There are several founders who are creators. They give a shout-out to brands that they like to support in the business community with no returns. However, many brands are targeting vocal employees and entrepreneurs whose opinions matter. Many popular marketing heads on LinkedIn that Storyboard18 spoke to indicate that they were offered brand collaborations from categories like BFSI, consumer durables, recruitment firms and others. All of them have been politely refusing the offers due to contractual issues with their employees.

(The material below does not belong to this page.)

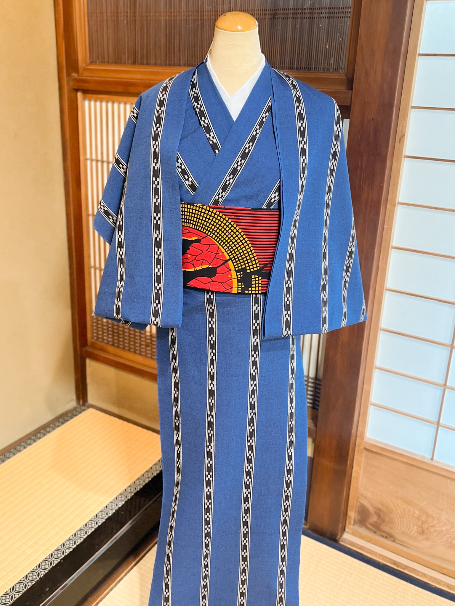 ⚫︎こちらの反物を当店でお仕立てされる場合は、単衣仕立て/国内or海外手縫い/女性ーバチ衿or男性ー棒衿仕立て、になります。(居敷当て・背伏せ、は付いておりません)

Chugh says that in recent times, many companies have even launched employee influencer policies. Some of these companies have been tailoring contracts for certain employees who have enrolled in such programmes, he says. According to him, it is advisable that the social media profile of the influencer is a professional or business account. “Be that as it may, in any event, all such brand-related content by employee influencers must strictly carry a disclosure,” he adds.
As per the Advertising Standards Council of India’s influencer guidelines, all advertisements published by social media influencers or their representatives on such influencers’ accounts must carry a disclosure label that clearly identifies it as an advertisement. A disclosure is required if there is a material connection between the advertiser and the influencer. Material connection includes employment relationships.Experts believe even entrepreneurs and employee influencers should strictly follow these rules too.
“At times, employees also moonlight as influencers. In such cases, it is not advisable for the employer to control the employees’ use of their personal social media accounts. However, it may also be advisable for employment contracts (with such influencers) to clearly mention that such employer shall not undertake any activity that may harm or bring disrepute to the employer and/or the brand,” concludes Chugh.